Updated F-35 Logistics System Coming Soon
Over the next couple of months, the F-35’s maintenance and logistics system will undergo a facelift with new hardware and software aimed at reducing the time needed to process data.
Lockheed Martin delivered the newest version of the autonomic logistics information system, or ALIS, on Sept. 1, said Mary Ann Horter, vice president of Lockheed’s mission systems and training division. The software update includes new trend analysis and fleet management capabilities.
“Today, we’re providing data at the squadron [level],” she said. The update will allow senior leaders to view and manage data such as maintenance priorities, failure rates and flight schedules.
F-35 maintainers already employ ALIS to pull data from the aircraft, diagnose problems, order parts and guide the technician through repairs. Pilots can also plan and debrief missions using the system, which has flown more than 12,000 sorties, Horter said.
Lockheed also analyzes that data to measure the performance of the F-35, she said. “If we’re seeing failure rates happening that we didn’t expect ... that provides us information to see if maybe we need to make a change” to the fighter design or its components.
The new software will undergo flight testing at Edwards Air Force Base in California and Naval Air Station Patuxent River in Maryland before deploying to other bases in early 2015, she said.
In addition to the software update, Lockheed was scheduled to field new hardware for the system at the end of September, Horter said. The portable memory device reader allows maintainers to download and process aircraft data three times faster than before.

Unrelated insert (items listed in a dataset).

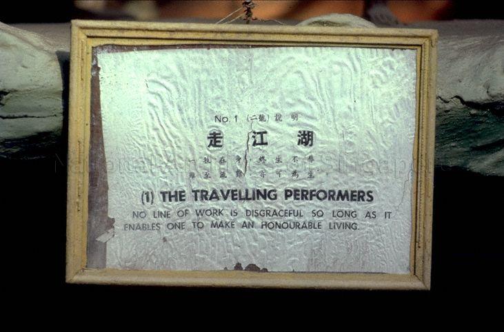 TIGER BALM GARDENS. PLAQUE ON TRAVELLING PERFORMERS
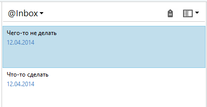 Для того чтобы добавить задание через Evernote, нужно просто создать заметку в своём блокноте по умолчанию. Zendone все заметки из этого блокнота автоматически отображает на вкладке «Inbox».
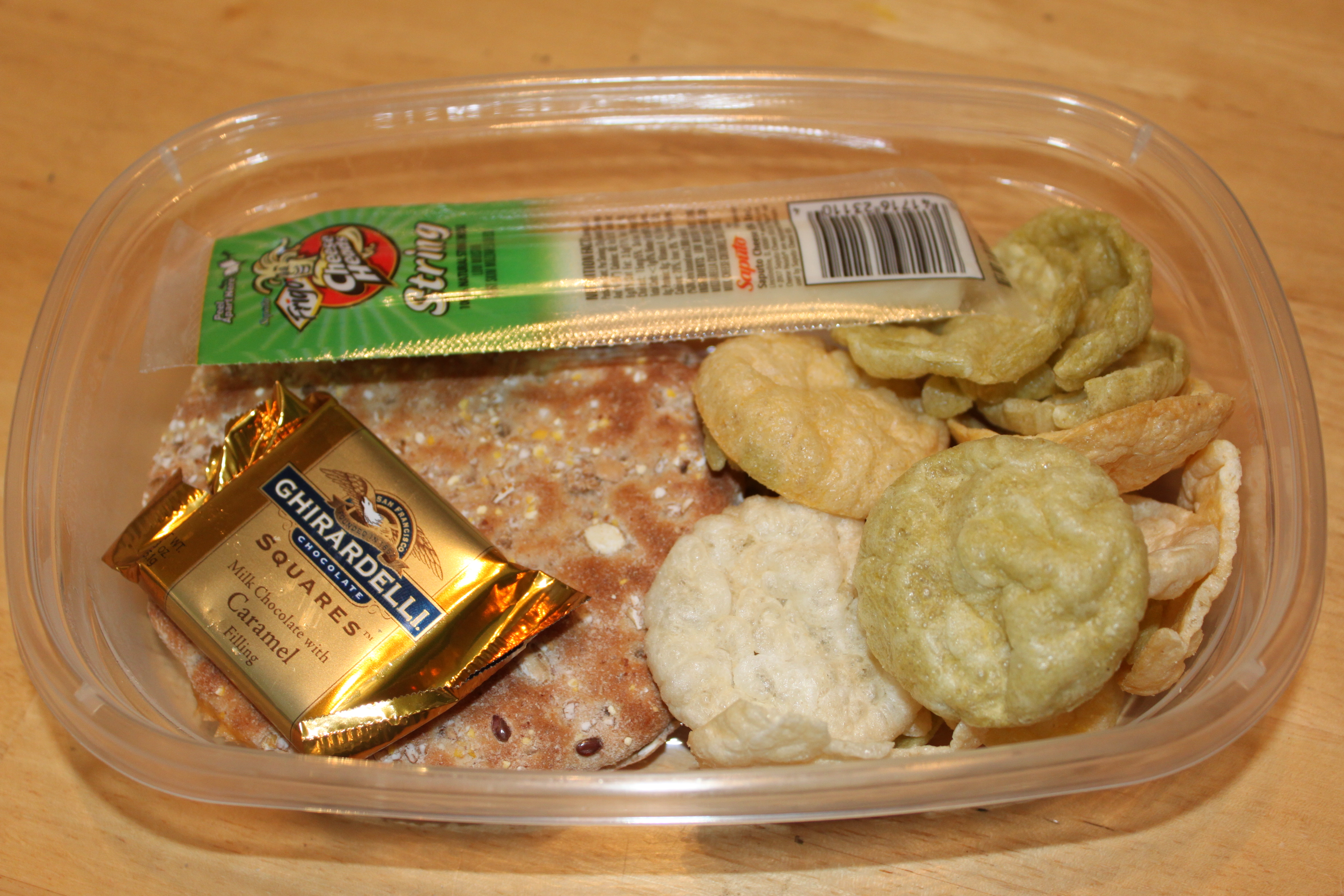 Crunchy peanut butter and strawberry jelly on a whole grain sandwich thin, cheese stick, veggie chips and a Ghiradelli chocolate
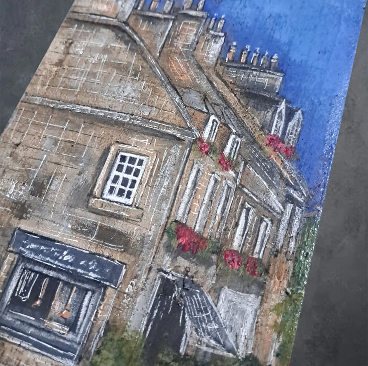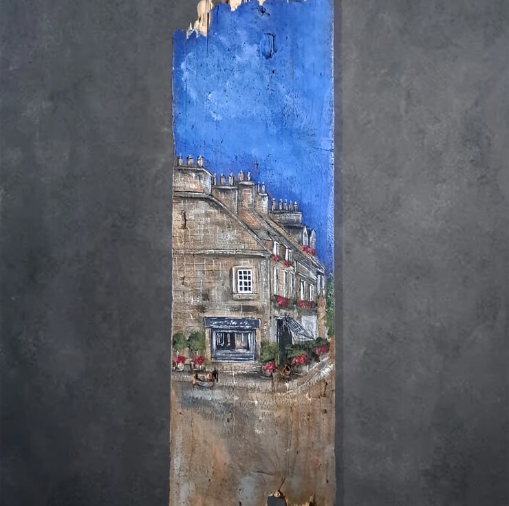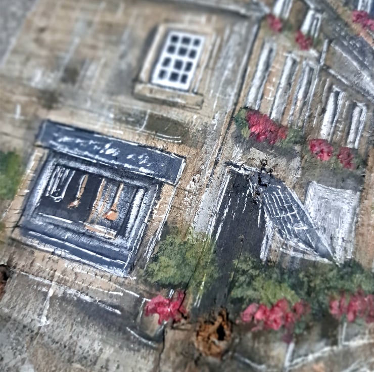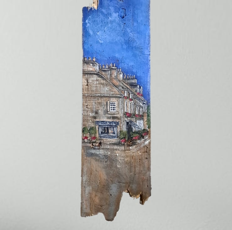 Hand-painted look at a classic St Andrews pub on a raw timber plank. It features the traditional storefront and signage, using the natural wood grain to give the building an authentic, weathered feel.

Without the PMD reader, it takes about 45 minutes to process data after a flight, she said. Expediting that will “give information to the maintainer quicker, so that he can go do whatever tasks he needs to go do.”
Lockheed is already working on an expeditionary version of ALIS that will make the system easier for Marines to carry when deployed. The update will cut back the system’s hardware footprint by at least one third, Horter said.
“What we’ve done with new technology is be able to reduce the size and the weight of the components, as well as to make it more modular so that they can take which assets they need for their particular operations,” she said. Marines and sailors will more easily be able to transport the hardware up and down the steep, narrow ladders and stairs on ships, for example.
Lockheed expects to field the expeditionary ALIS system by summer 2015 to support the Marine Corps’ F-35 initial operational capability, she said. It will also be distributed to the other services and international customers.